[College of ACES] [University of Illinois] [Illinois CES]

Re: Re: Re: Re: Re: Re: Re: Re: Eye-Splicing 16strand

arb@concentric.com
Sun, 21 Jun 1998 22:28:32 -0500


dbl,
You asked : How many splices(home splices) do you think Samson
& New Eng. have seen?
A bunch, they have tree people, boating people
and others sending in their work. If you think
I'll called just anybody, think again! Each
time I have only talked to the labs. These
people go out in the field to see what's
going on and also set the specs. for tensile
strengths and so on.THEY ARE PHD'S AND NOT SALES PEOPLE!
Matter of fact BOTH labs
stated that a proper eye splice will not retain
90% of the rope's strenght!

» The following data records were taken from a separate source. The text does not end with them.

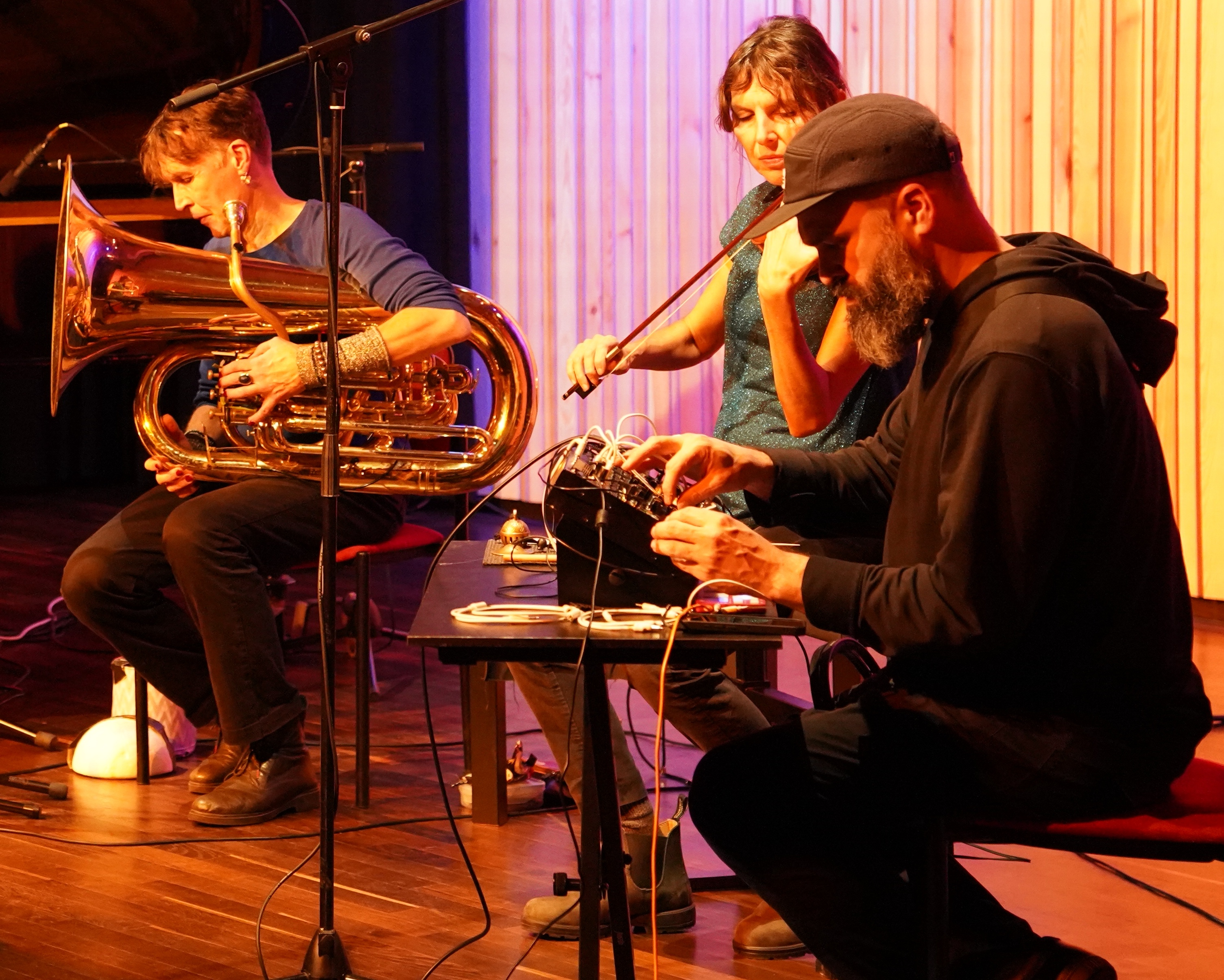 Fred Frith (GB/US): Gitarre | Lotte Anker (DK): Saxofon | Núria Andorrà (ES): Perkussion
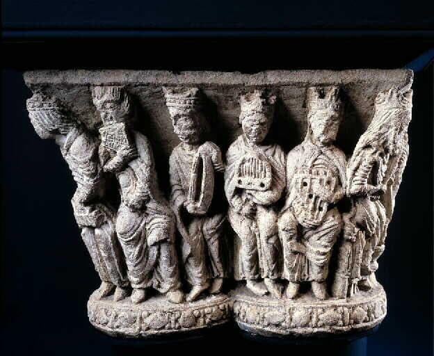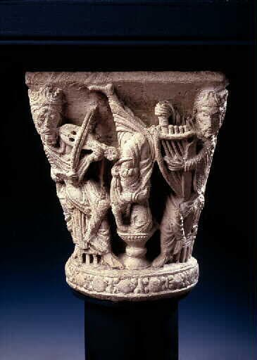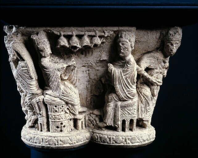 2001.0.138 Chapiteau de Boscherville ; 139.38 (A) Enfance du Christ ; 2002.4 Moulage. Chapiteau qui ornait le cloître construit par l'abbé Victor (1157-1211), il surmontait deux colonnettes géminées
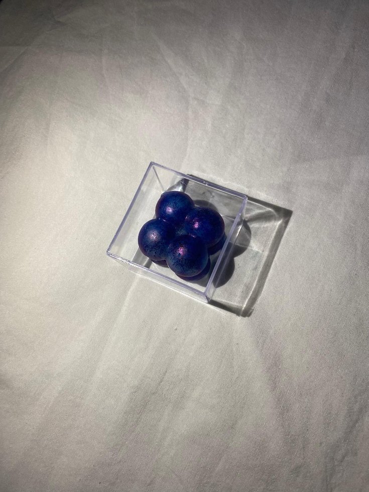Koyu mavi renkte, kabarcıklı tasarıma sahip makyaj süngeri seti, şeffaf plastik kutuda.
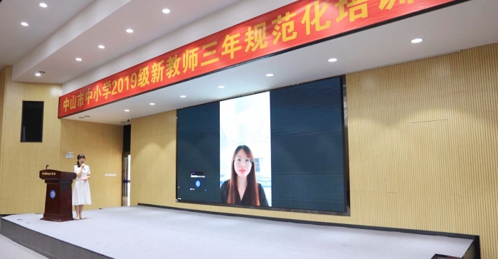 市教育和體育局副局長王志紅做講話。王志紅副局長代表市教體局,對(duì)596位新教師順利完成學(xué)業(yè)表示熱烈的祝賀,向?yàn)檫@次培訓(xùn)付出辛勤勞動(dòng)的全體教職工表示由衷的感謝。同時(shí)她指出,新教師就是中山未來教育的血脈延續(xù),市、鎮(zhèn)街、校三級(jí)要高度重視新教師的培訓(xùn)與成長,搭建好可以讓人才層出不窮的培訓(xùn)體系,堅(jiān)持精準(zhǔn)培訓(xùn),培養(yǎng)好“新老師的老師”,全力幫助新教師們成長成才。
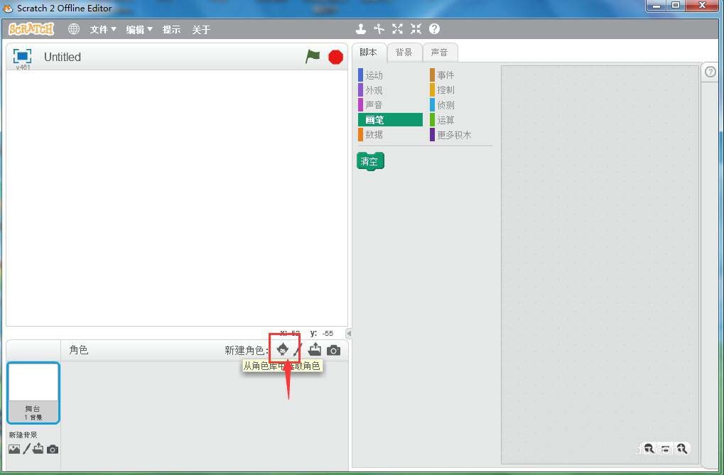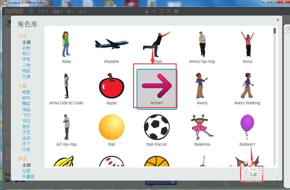 4、進入scratch2.0的角色庫中,找到并點擊箭頭,按確定;
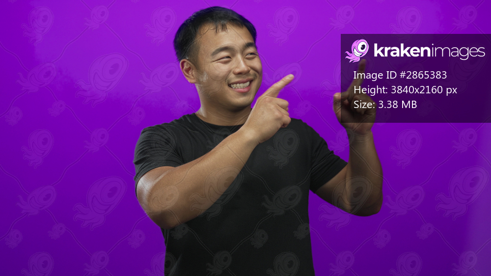 Chinese man smiling and pointing index finger to the right in purple studio; optimism hope positivity joy.
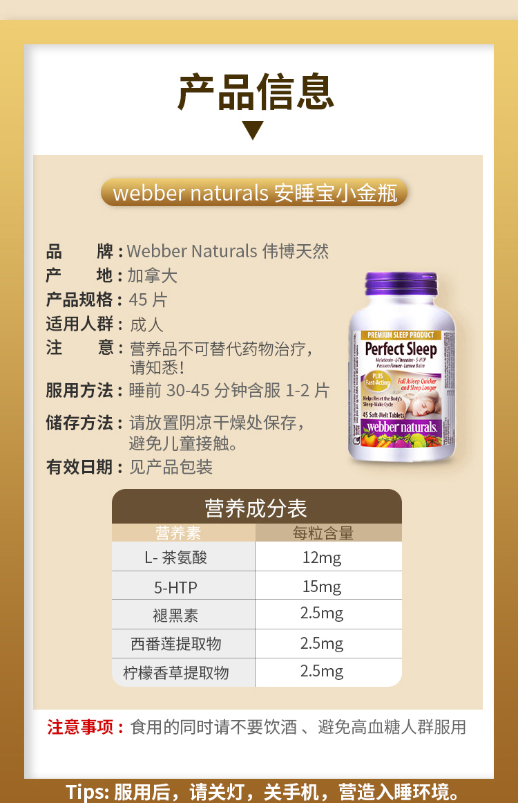 【跨境加拿大原装进口】Webber Naturals伟博天然金安睡宝45粒(SKU9033)
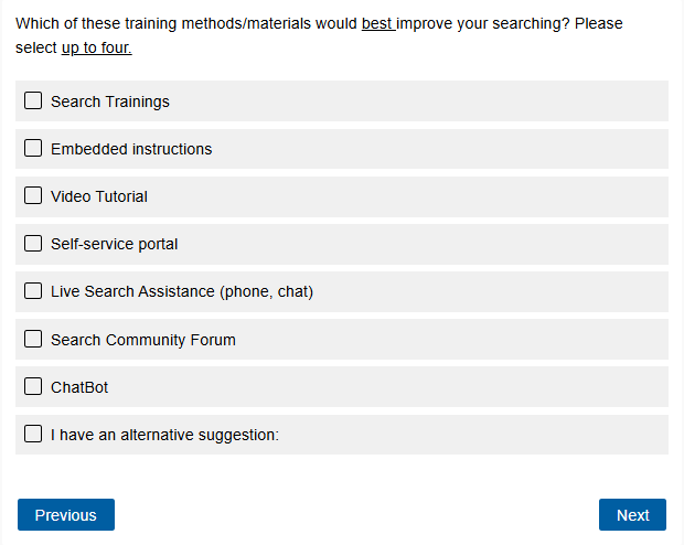Which of these training methods/materials would best improve your searching? Please select up to four.
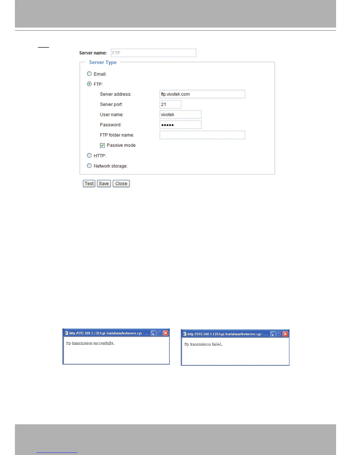 To verify if the FTP settings are correctly congured, click Test� The result will be shown in a pop-up
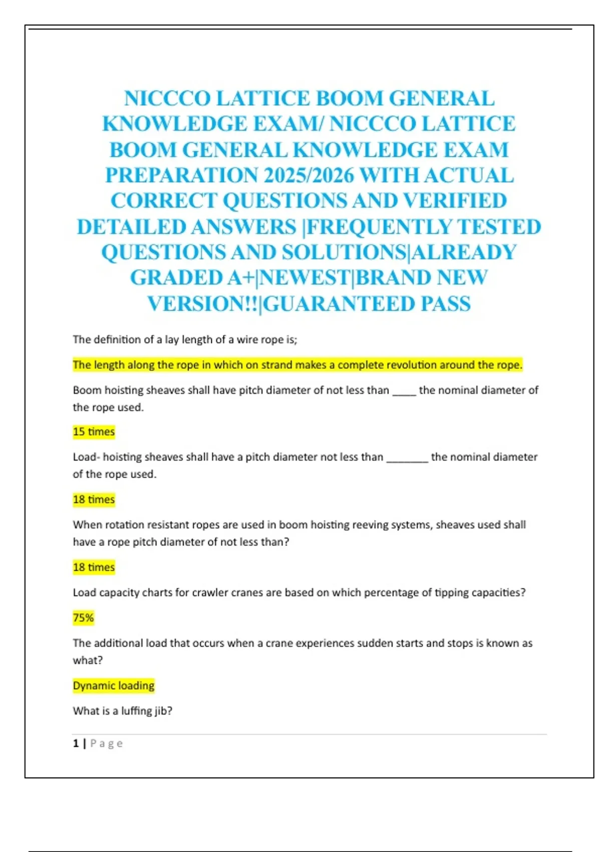 KNOWLEDGE EXAM/ NICCCO LATTICE

Not even close!!
The people at the labs, are experts in their
field. I'm not working in their field! So I do
listen!

About the stitch lock, go back & read my thread.
You agreeing with what I said.
Splices have been around for long time, I not
complaining. Maybe I'm just writting about what
no one else has thought about?

The bottom line: If you have spliced
a lowering sling and someone overloads it
and that chunk of wood hurts or kills someone
WHO DO THINK IS LIABLE? THE PERSON OR COMPANY
THAT ALTERED THE ROPE.

3/4" SLING? Have you ever dropped hitch
a 1,800lb. chunk w/o letting it run?
I have 3/4" is only good for the light stuff.
Your missing the point, the rope will fuse & break before
the eye fails!
We use 1.250" & 1.500" double braid slings for
the bigger stuff!!

Gimmie fuel, gimmie fire, ahh you know the rest!